429.  Baroness Amos stated that DFID should think “carefully but urgently” about the
concerns and proposals presented by Mr Blair. DFID should not simply “reflect back”
Mr Blair’s proposals, if those were not exactly what were needed. This could be a very
good opportunity to address (unspecified) difficult issues.
430.  Baroness Amos added that she did not believe that the main problem with the CPA
was a lack of people, or that it could be solved by putting more people in. It was more
likely to be a lack of strategic thinking.
431.  Baroness Amos also reported that, after the meeting with Mr Blair, she had agreed
with Mr Hoon and Sir Michael Jay that a cross-departmental paper should be produced
for the next meeting of the AHMGIR, addressing the points raised by Mr Blair.
432.  Later on 3 June, Baroness Amos sent Mr Blair a report on her visit to Washington
and New York the previous week.242 She reported that:
“… US inter-agency conflicts are making for bad policy on Iraq, with negligible
co‑ordination and a potentially dangerous lack of leadership. There is no strategic
direction, and no sense of what the US wants to achieve.”

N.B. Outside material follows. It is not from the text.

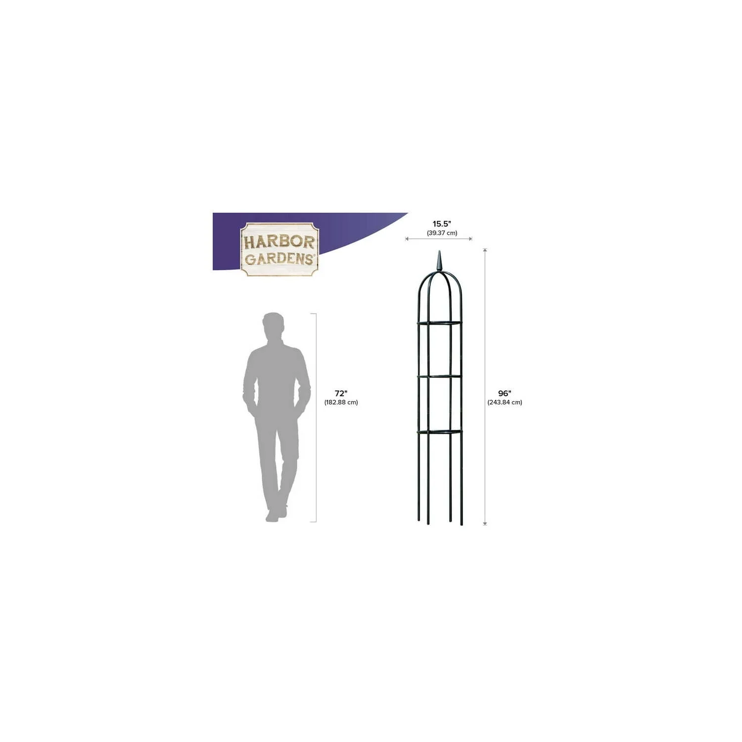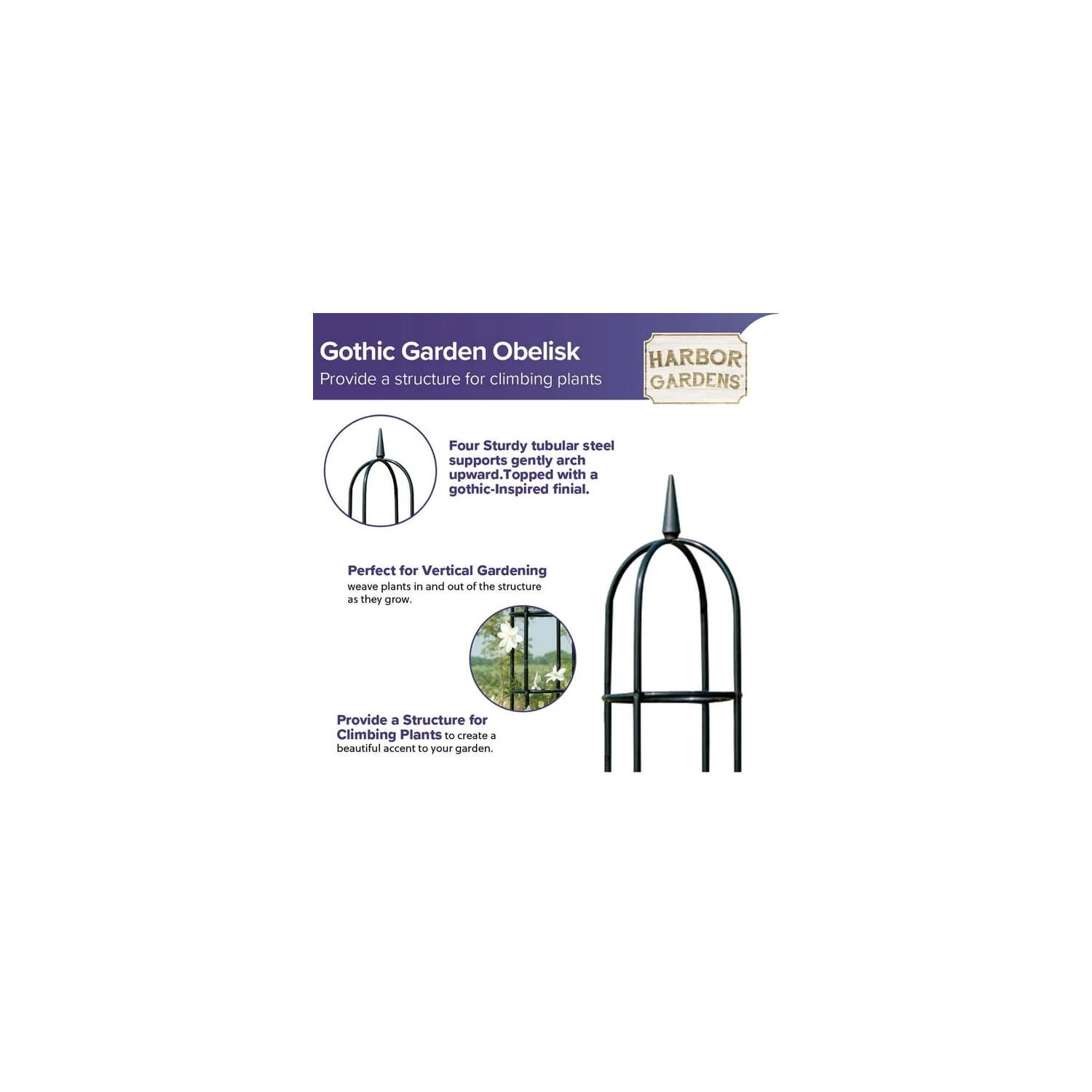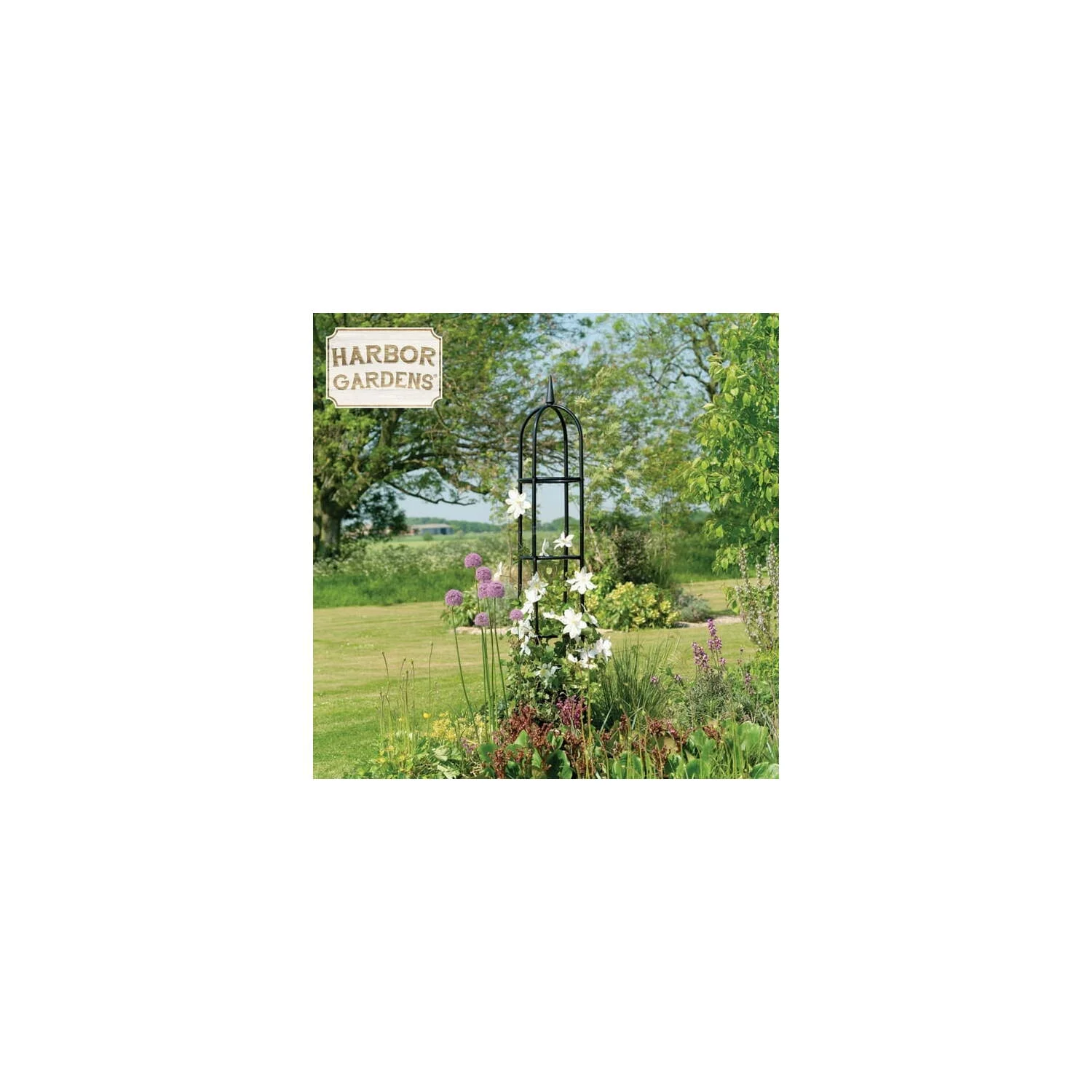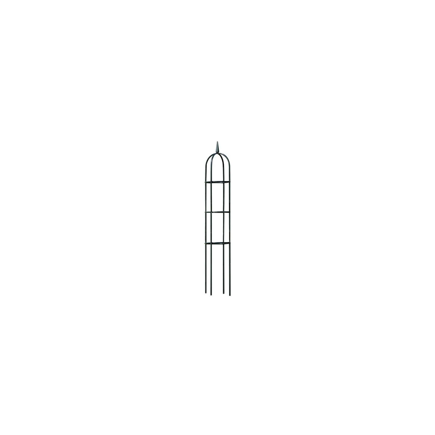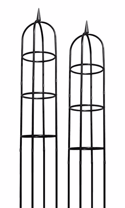 - Garden Obelisk featuring four sturdy tubular steel supports that gently arc upward adding height and variety to your garden, beds, borders, and containers. Accented by a bold spear cone on top.
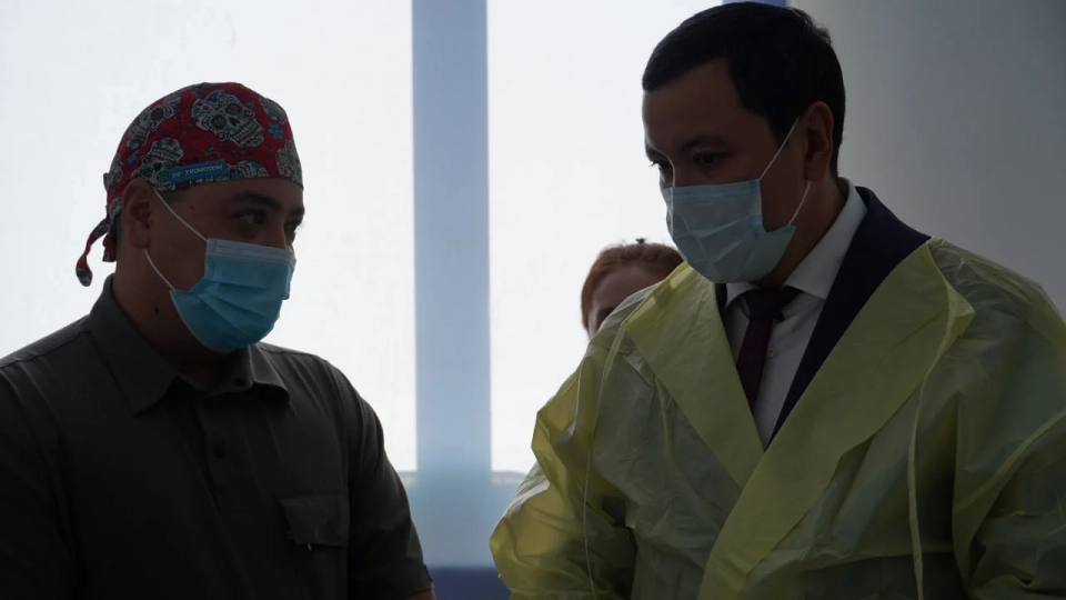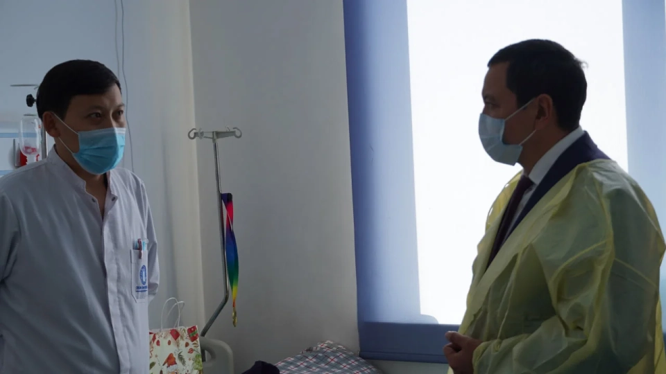 Исполняющий обязанности министра здравоохранения Каныбек Досмамбетов неожиданно посетил отделение...

433.  The solution was for the UK “to set out a clear vision for Phase IV, sell it to
President Bush (and hence Rumsfeld) and use it to build alliances beyond the Coalition”.
434.  Baroness Amos also reported that the World Bank and the IMF had started work
on a reconstruction needs assessment. Work was Washington-based, but experts were
ready to visit Iraq “as soon as the security situation permits”.
435.  Baroness Amos confirmed that she would visit Iraq shortly. To maintain the
momentum on Iraq, she planned that Mr Benn would visit in July and Mr Chakrabarti
in September.
242  Letter Amos to Blair, 3 June 2003, ‘Iraq Reconstruction: Next Steps’.